* **WHAT IS BEING ASKED**
Required from the data below: the exact lines starting at the line containing "To detect mMCP-3 by Western Blot analysi..." and ending at the line containing "the meaning of", with both ends kept and all pictures dropped.

* **DATA TO USE**
*-*-*
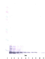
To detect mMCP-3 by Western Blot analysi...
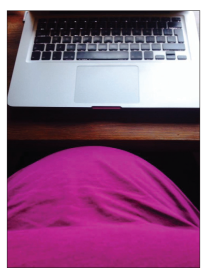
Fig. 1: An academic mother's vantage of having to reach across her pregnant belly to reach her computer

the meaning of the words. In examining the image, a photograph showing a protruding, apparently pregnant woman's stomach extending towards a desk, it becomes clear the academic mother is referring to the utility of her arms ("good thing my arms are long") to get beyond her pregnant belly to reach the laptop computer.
*-*-*
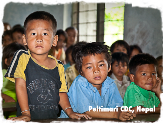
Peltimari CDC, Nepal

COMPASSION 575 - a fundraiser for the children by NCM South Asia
*-*-*
* **EXERCISE RESPONSE**
To detect mMCP-3 by Western Blot analysi...
Fig. 1: An academic mother's vantage of having to reach across her pregnant belly to reach her computer

the meaning of the words. In examining the image, a photograph showing a protruding, apparently pregnant woman's stomach extending towards a desk, it becomes clear the academic mother is referring to the utility of her arms ("good thing my arms are long") to get beyond her pregnant belly to reach the laptop computer.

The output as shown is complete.